Unfortunately no Photoshop skills here , so we have to imagine the following:
Case shape and size: that of the Chronomat 41 – just perfect. Regarding size: no wonder the Daytona is still 40 mm… (I wear often and happily my smallest ever „Chronomat”, the 39 mm Chrono Cockpit…) I know there are many with other size option wishes: the 44 mm is right there for them.
Waterresistance, pushers: 300 m is fine – to keep case height within limits. Pushers: either screw-down like now, or usable under water. If neither of them, going into water is not safe enough when pusher activated accidentally. I would not use chrono pushers when wet but either way it is very good to be ont he safe side.
Case back: display in case of the B01 base. Though mid-up and upper brands usually do not display their 7750-based movements I’d be happy to see the B13 too.
Case material: an alternative material of full titanium (case and bracelet) would be nice: the first ever titanium Chronomat. Mainly brushed (exactly like Aerospace Avantage), with small polished accents.
Surface: tone (or tune?
) down by partial (dominant) brushing is nice: case and bracelet size polished with some other small polished accents, with case and bracelet upper surfaces brushed. Perfect. But an all-brushed version is fine too.
Pilot bracelet: parts kept totally in level (former design) is nicer than the one with two narrow lines a tad raised (later design).
Folding clasp: quick-micro-adjust, double pusher system. At least the integration of the rubber-strap folding clasp with the mentioned properties into the Pilot bracelet.
Bezel: Airborne bezel without the trigonal extension part of the 0/60 rider tab, with or even better without the rubber inlay. Brushed surface, polished rider tabs. A fine coin-edge pattern (the very same like ont he SOH) would be fine, leaving out the 4 rider tabs. Thus the sloping of the bezel quadrals could be terminated.
Rehaut: dropping the useless 0/100 ring, keeping only the tachymeter ring.

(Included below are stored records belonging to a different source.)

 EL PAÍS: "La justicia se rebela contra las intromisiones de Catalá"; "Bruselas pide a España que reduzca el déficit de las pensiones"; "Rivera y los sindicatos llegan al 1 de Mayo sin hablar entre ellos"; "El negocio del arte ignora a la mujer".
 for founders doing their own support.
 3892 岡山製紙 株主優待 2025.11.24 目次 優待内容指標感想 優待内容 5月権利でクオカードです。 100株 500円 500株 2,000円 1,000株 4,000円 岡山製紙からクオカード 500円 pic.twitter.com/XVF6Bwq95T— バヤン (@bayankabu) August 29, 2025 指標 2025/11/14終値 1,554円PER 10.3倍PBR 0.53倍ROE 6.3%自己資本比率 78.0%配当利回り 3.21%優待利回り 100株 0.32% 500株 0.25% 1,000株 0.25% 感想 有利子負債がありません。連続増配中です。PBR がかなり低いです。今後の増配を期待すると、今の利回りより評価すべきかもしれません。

Thus the tachy caracters might be a tad larger. Breitling Chrono Cockpit 3rd (=final) dial execution is a nice example.
Dial color: „Breitling-blue” or Blackeye-blue for me. I do not need the wings logo on the dial but does not disturb me either. As the present Chronomat was born under the Schneiders, why not… or offer both. A more polished case with wings, a more (or totally) brushed without.

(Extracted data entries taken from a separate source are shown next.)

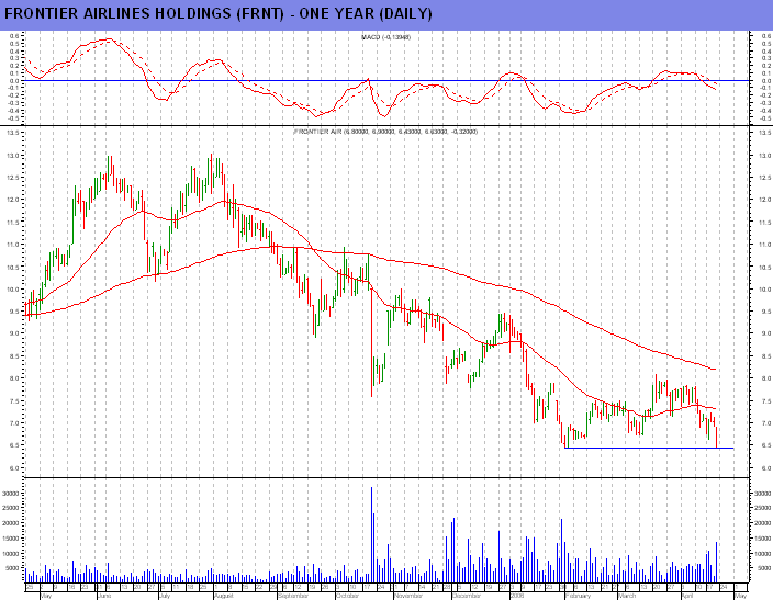 Company: Frontier Airlines Holdings Ticker: FRNT Price: $6.63 Opinion: Bullish Comments: Since
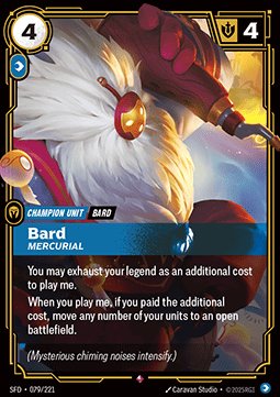 Shop › Riftbound: League of Legends TCG › Riftbound Single Cards › Bard, Mercurial (V.1) 079/221 - Rare
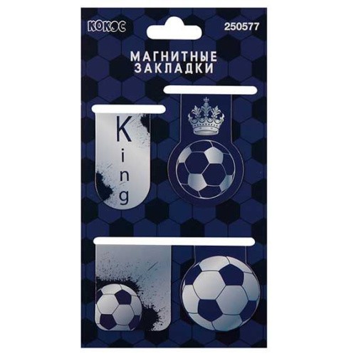 Закладки магнитные КОКОС "Football King" (4шт) 250577 картон
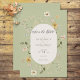 Esta boda, salvo la tarjeta de fecha, presenta un delicado fondo verde sabio, que exuda un sentido de sofisticación y riqueza. El suave tono verde sabio crea un entorno cautivador que marca el tono para una celebración memorable. En el centro de la invitación, destaca un marco de texto ovalado, que proporciona un punto focal elegante. El marco está bellamente diseñado, exuberando una sensación de refinamiento y elegancia. Su forma añade un toque de singularidad, captando la atención de los destinatarios. Alrededor del marco de texto, las flores silvestres de acuarela delicadas y rústicas están dispuestas artísticamente. Estas flores encantadoras, decoradas en tonos suaves, evocan una sensación de belleza natural y tranquilidad. La acuarela les da un aspecto sutil y etéreo, realzando el ambiente romántico general de la invitación. La combinación del fondo verde sabio, el marco oval de texto y las flores silvestres de acuarela rústicas crean una impresionante invitación a la boda que exuda elegancia y un toque de fantasía. Establece el escenario para una celebración romántica llena de belleza natural y momentos sentidos. Creado por Simply Farmhouse Press, forma parte de la suite rústica boda Frame Sage Green.
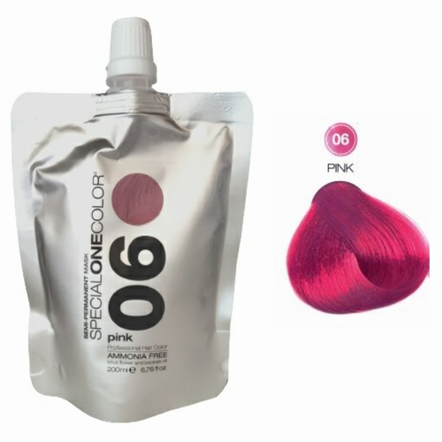 Masca de par semipermanenta, fara amoniac pentru toate tipurile de par – cu extract de floare de lotus si ulei de baobab – Special One Color 200ml. Masca nuantator. Masca de par cu pigment 06 Pink

Date window: I also hate the date at 4:30, even worse the „oblique” digit positioning (only partly because of I don’t like the El Primero), a vertical (Valjoux 7740-like) would be much nicer. Or at 6, like on some Seamaster Chrono watches or the new Heuer Autavia. But the very best is a Big Date at 12!

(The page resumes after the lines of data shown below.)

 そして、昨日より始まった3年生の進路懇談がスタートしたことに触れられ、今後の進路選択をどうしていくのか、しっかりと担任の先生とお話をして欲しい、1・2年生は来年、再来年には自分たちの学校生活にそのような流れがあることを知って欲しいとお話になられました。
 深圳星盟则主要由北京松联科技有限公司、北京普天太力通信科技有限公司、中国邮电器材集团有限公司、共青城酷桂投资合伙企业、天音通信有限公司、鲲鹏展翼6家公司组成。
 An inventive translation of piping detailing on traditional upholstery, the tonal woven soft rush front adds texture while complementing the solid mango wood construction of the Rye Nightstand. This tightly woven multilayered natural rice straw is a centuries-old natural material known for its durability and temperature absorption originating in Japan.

Weekday feature: important, because it changes every day
. (For those on holidays, or working on different schedules on each working-day (like me), or not working at all…) :
1.One option is the day-date version of the B13 (ETA-Valjoux 7750), as Mr. Kern very cleverly seems to broaden the day-date B13-versions availability (Superocean Heritage Chrono, Aviator (Navitimer)
. It might finally very well appear in the Chronomats too, would be excellent. An ETA 7751 with minute counter transferred to 3 o’clock would also be interesting
.
2.The other options are based on the B01: one is an introduction of a weekday indicator – either in a window, or on a subdial – later more about this. The other way of indicating the weekday is to apply a simple full calendar module (without moonphases): weekday and month at 12, date either by a hand with crescent, or by a window. Templates are Valjoux 72C, Valjoux 7751, some Blancpain, Zenith El Primero and JLC watches and others.
Chronograph: basically maintaining the Tri-Compax dial. Optional: 60 minutes minute counter from the center, and if so (very usefull modification!!!): the freed place of the 3 o’clock subdial can be placed a week-day indicator subdial by a small hand with crescent again. Fly-back!!!
I know – and completely agree – that Breitling will not go Haute Horlogerie but all these mentioned above (day-date, simple full calendar, big date, 60 minutes central chrono minute counter, fly-back) are so-called „small complications”, even smaller – so to say – than e. g. a rattrapante. Many of them are videly available inside or outside Breitling.
Movement: B01 base is perfect. Balance bridge, free sprung balance, direct adjustment on balance wheel, silicone escapement parts – monstly to achieve great antimagnetism, but better long-time daily rates and longer maintenance intervals are also important.